━━━ DATA FOR PROCESSING

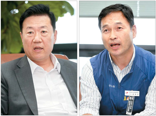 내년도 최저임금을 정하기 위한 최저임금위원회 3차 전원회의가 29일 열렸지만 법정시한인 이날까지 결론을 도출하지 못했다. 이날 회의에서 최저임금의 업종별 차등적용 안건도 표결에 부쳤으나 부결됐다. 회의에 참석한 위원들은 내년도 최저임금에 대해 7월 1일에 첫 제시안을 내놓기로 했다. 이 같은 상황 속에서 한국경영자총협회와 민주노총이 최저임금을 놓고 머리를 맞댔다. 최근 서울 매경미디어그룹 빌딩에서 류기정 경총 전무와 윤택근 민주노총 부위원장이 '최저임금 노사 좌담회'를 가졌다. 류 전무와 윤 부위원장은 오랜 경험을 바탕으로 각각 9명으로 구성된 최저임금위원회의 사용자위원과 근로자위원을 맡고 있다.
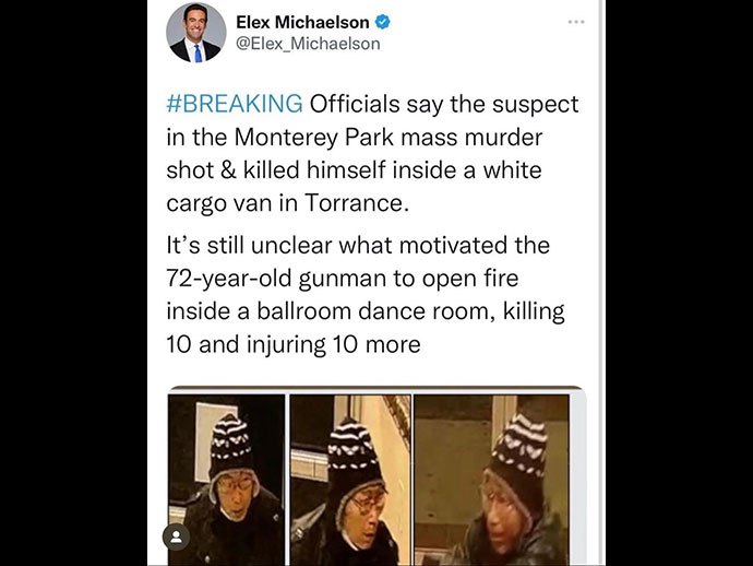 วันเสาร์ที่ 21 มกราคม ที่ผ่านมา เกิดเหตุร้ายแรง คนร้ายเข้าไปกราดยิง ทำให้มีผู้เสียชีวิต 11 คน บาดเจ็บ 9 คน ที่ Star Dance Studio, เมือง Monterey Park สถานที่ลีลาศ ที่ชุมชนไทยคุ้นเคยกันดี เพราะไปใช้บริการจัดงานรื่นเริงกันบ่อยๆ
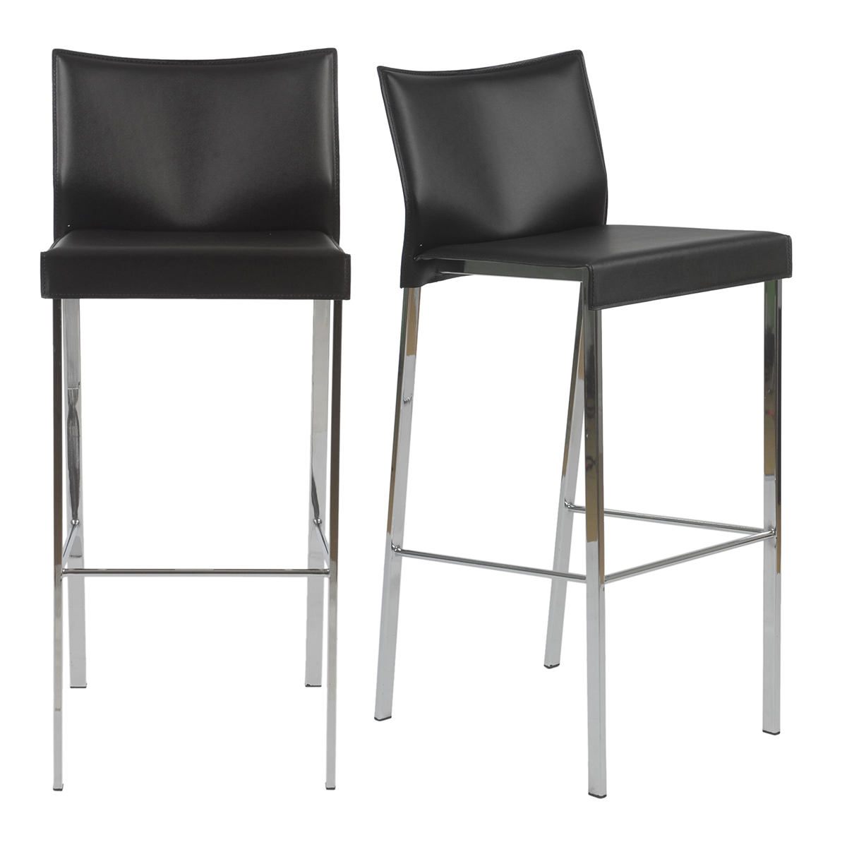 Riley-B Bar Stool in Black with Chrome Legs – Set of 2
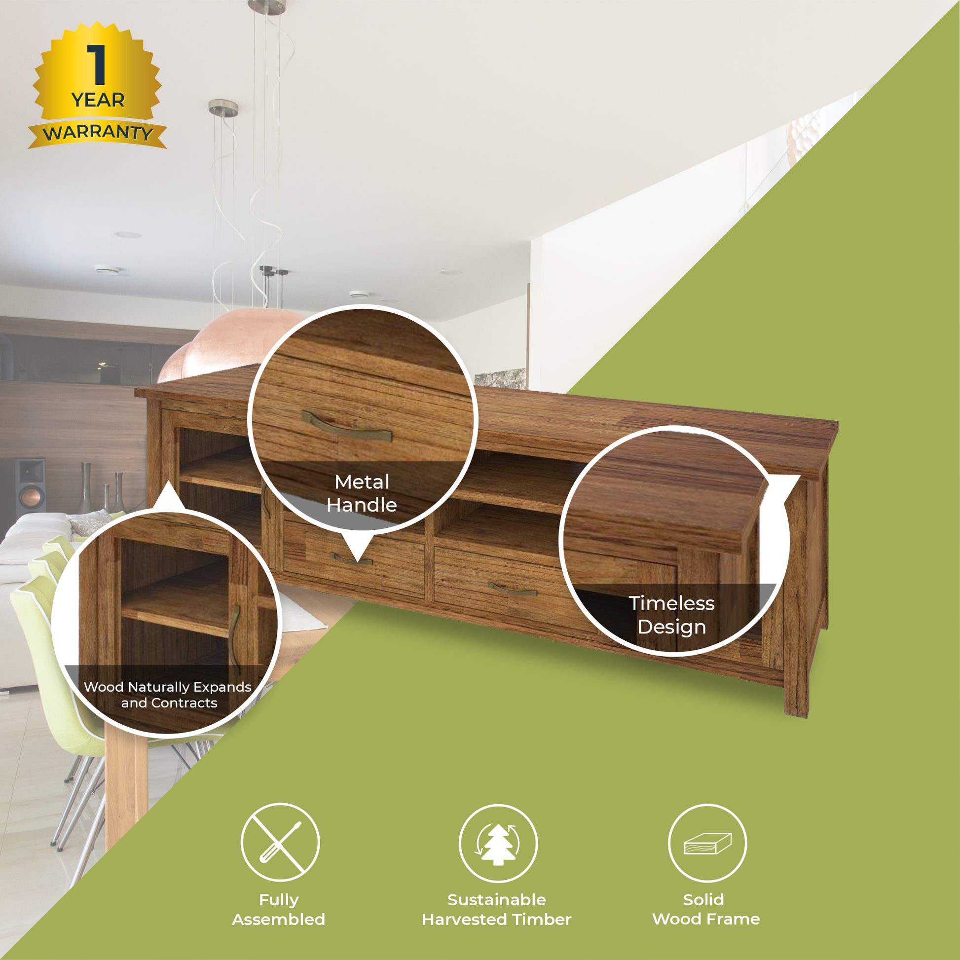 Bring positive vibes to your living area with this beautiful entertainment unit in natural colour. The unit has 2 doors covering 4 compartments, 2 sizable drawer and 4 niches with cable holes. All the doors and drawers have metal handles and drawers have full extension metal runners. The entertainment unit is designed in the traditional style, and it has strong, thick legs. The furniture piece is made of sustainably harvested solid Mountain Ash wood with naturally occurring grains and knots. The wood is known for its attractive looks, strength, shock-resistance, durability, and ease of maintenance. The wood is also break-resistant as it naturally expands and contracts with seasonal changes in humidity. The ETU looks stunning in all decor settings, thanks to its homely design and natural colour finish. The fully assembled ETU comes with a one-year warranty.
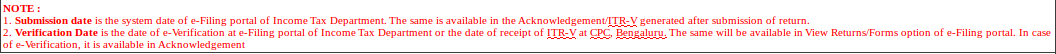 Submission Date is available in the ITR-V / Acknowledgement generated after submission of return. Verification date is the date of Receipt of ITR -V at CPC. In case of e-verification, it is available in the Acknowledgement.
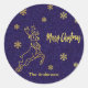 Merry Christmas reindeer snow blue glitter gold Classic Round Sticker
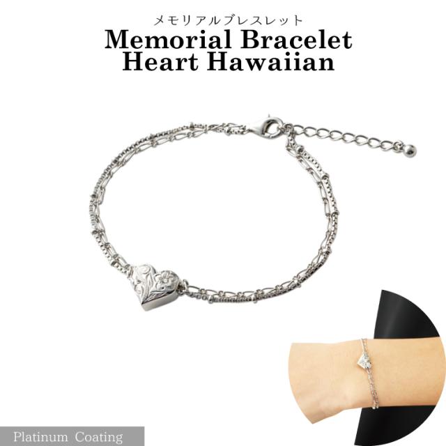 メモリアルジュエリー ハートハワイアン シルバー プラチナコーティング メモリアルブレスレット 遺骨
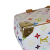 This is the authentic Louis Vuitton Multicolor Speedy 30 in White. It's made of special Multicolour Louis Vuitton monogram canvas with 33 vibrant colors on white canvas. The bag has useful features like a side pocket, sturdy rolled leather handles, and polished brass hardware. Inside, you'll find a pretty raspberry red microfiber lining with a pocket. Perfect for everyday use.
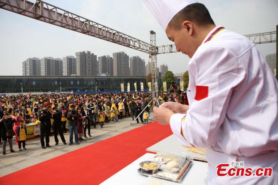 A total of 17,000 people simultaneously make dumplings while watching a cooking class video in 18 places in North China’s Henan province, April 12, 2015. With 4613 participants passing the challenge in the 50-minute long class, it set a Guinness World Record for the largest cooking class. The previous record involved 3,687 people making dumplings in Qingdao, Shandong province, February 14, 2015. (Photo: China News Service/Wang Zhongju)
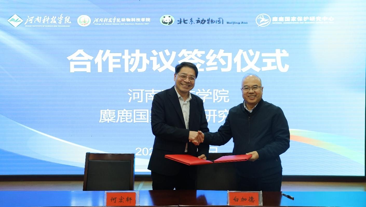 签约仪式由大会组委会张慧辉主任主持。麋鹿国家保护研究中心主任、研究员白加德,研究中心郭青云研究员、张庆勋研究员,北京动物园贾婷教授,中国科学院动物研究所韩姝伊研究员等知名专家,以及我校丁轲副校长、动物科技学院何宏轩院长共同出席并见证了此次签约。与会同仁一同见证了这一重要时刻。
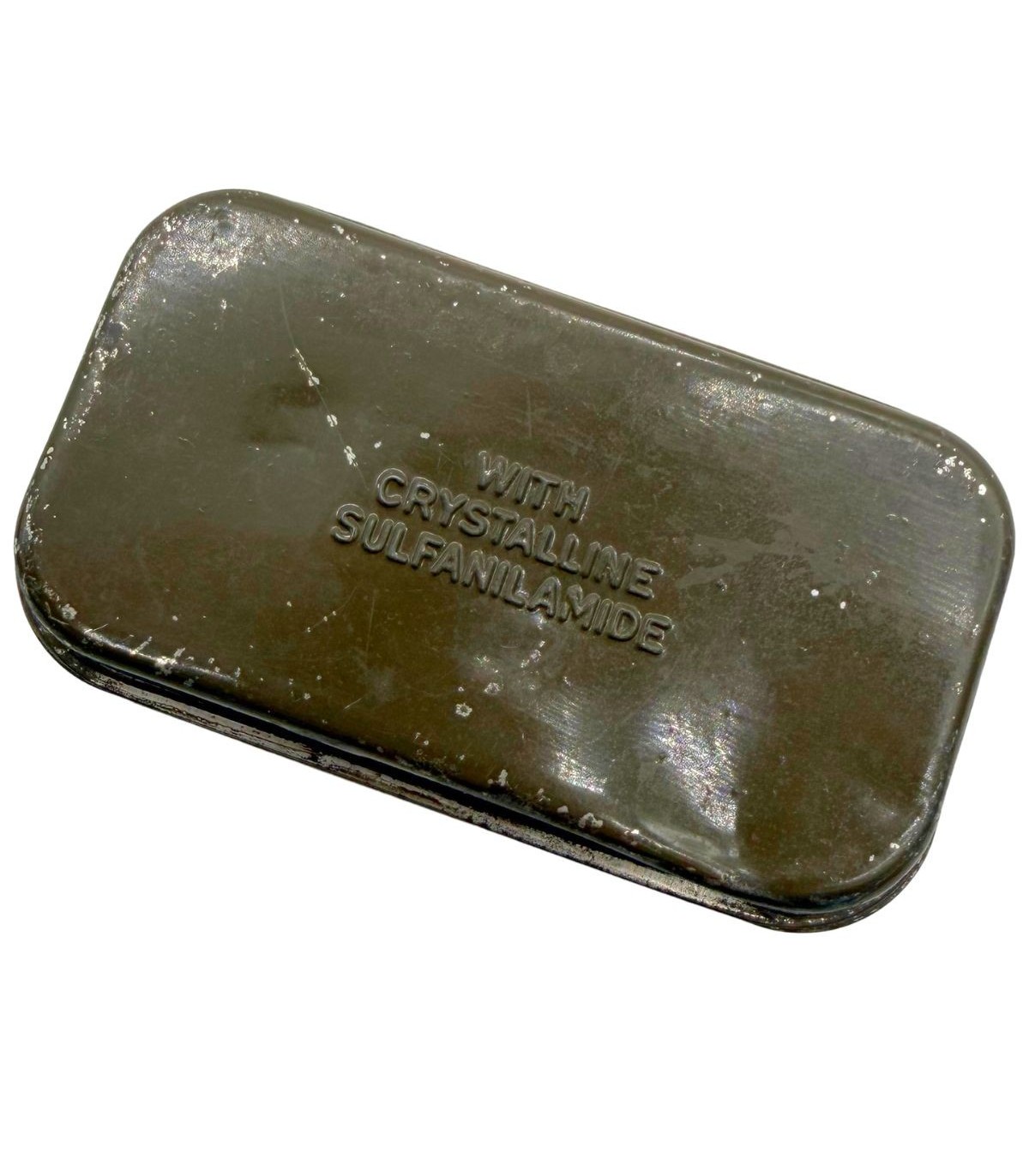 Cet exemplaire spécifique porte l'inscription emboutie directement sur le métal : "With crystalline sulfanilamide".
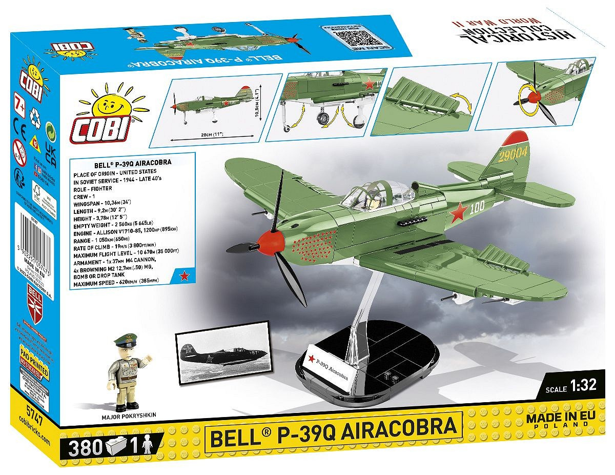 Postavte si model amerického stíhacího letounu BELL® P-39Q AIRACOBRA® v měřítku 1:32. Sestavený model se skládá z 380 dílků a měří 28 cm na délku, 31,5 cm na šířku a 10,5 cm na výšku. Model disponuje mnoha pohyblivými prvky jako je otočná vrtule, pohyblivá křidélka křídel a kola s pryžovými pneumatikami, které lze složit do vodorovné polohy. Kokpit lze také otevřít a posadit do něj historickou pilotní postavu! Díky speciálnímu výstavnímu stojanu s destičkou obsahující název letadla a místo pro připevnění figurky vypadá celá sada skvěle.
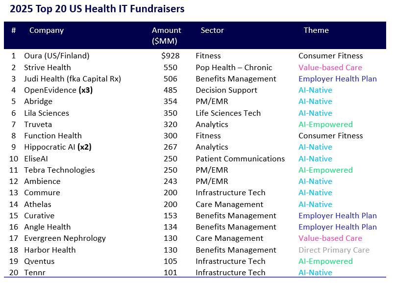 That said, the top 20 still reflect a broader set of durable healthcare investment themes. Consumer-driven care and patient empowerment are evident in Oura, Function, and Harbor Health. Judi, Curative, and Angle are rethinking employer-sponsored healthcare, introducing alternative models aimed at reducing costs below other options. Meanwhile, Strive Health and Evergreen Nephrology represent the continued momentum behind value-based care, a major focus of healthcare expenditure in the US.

━━━━━━

All of the data must be given again exactly, without the pictures.

• [ANSWER TO THE EXERCISE]:
 내년도 최저임금을 정하기 위한 최저임금위원회 3차 전원회의가 29일 열렸지만 법정시한인 이날까지 결론을 도출하지 못했다. 이날 회의에서 최저임금의 업종별 차등적용 안건도 표결에 부쳤으나 부결됐다. 회의에 참석한 위원들은 내년도 최저임금에 대해 7월 1일에 첫 제시안을 내놓기로 했다. 이 같은 상황 속에서 한국경영자총협회와 민주노총이 최저임금을 놓고 머리를 맞댔다. 최근 서울 매경미디어그룹 빌딩에서 류기정 경총 전무와 윤택근 민주노총 부위원장이 '최저임금 노사 좌담회'를 가졌다. 류 전무와 윤 부위원장은 오랜 경험을 바탕으로 각각 9명으로 구성된 최저임금위원회의 사용자위원과 근로자위원을 맡고 있다.
 วันเสาร์ที่ 21 มกราคม ที่ผ่านมา เกิดเหตุร้ายแรง คนร้ายเข้าไปกราดยิง ทำให้มีผู้เสียชีวิต 11 คน บาดเจ็บ 9 คน ที่ Star Dance Studio, เมือง Monterey Park สถานที่ลีลาศ ที่ชุมชนไทยคุ้นเคยกันดี เพราะไปใช้บริการจัดงานรื่นเริงกันบ่อยๆ
 Riley-B Bar Stool in Black with Chrome Legs – Set of 2
 Bring positive vibes to your living area with this beautiful entertainment unit in natural colour. The unit has 2 doors covering 4 compartments, 2 sizable drawer and 4 niches with cable holes. All the doors and drawers have metal handles and drawers have full extension metal runners. The entertainment unit is designed in the traditional style, and it has strong, thick legs. The furniture piece is made of sustainably harvested solid Mountain Ash wood with naturally occurring grains and knots. The wood is known for its attractive looks, strength, shock-resistance, durability, and ease of maintenance. The wood is also break-resistant as it naturally expands and contracts with seasonal changes in humidity. The ETU looks stunning in all decor settings, thanks to its homely design and natural colour finish. The fully assembled ETU comes with a one-year warranty.
 Submission Date is available in the ITR-V / Acknowledgement generated after submission of return. Verification date is the date of Receipt of ITR -V at CPC. In case of e-verification, it is available in the Acknowledgement.
 Merry Christmas reindeer snow blue glitter gold Classic Round Sticker
 メモリアルジュエリー ハートハワイアン シルバー プラチナコーティング メモリアルブレスレット 遺骨
 This is the authentic Louis Vuitton Multicolor Speedy 30 in White. It's made of special Multicolour Louis Vuitton monogram canvas with 33 vibrant colors on white canvas. The bag has useful features like a side pocket, sturdy rolled leather handles, and polished brass hardware. Inside, you'll find a pretty raspberry red microfiber lining with a pocket. Perfect for everyday use.
 A total of 17,000 people simultaneously make dumplings while watching a cooking class video in 18 places in North China’s Henan province, April 12, 2015. With 4613 participants passing the challenge in the 50-minute long class, it set a Guinness World Record for the largest cooking class. The previous record involved 3,687 people making dumplings in Qingdao, Shandong province, February 14, 2015. (Photo: China News Service/Wang Zhongju)
 签约仪式由大会组委会张慧辉主任主持。麋鹿国家保护研究中心主任、研究员白加德,研究中心郭青云研究员、张庆勋研究员,北京动物园贾婷教授,中国科学院动物研究所韩姝伊研究员等知名专家,以及我校丁轲副校长、动物科技学院何宏轩院长共同出席并见证了此次签约。与会同仁一同见证了这一重要时刻。
 Cet exemplaire spécifique porte l'inscription emboutie directement sur le métal : "With crystalline sulfanilamide".
 Postavte si model amerického stíhacího letounu BELL® P-39Q AIRACOBRA® v měřítku 1:32. Sestavený model se skládá z 380 dílků a měří 28 cm na délku, 31,5 cm na šířku a 10,5 cm na výšku. Model disponuje mnoha pohyblivými prvky jako je otočná vrtule, pohyblivá křidélka křídel a kola s pryžovými pneumatikami, které lze složit do vodorovné polohy. Kokpit lze také otevřít a posadit do něj historickou pilotní postavu! Díky speciálnímu výstavnímu stojanu s destičkou obsahující název letadla a místo pro připevnění figurky vypadá celá sada skvěle.
 That said, the top 20 still reflect a broader set of durable healthcare investment themes. Consumer-driven care and patient empowerment are evident in Oura, Function, and Harbor Health. Judi, Curative, and Angle are rethinking employer-sponsored healthcare, introducing alternative models aimed at reducing costs below other options. Meanwhile, Strive Health and Evergreen Nephrology represent the continued momentum behind value-based care, a major focus of healthcare expenditure in the US.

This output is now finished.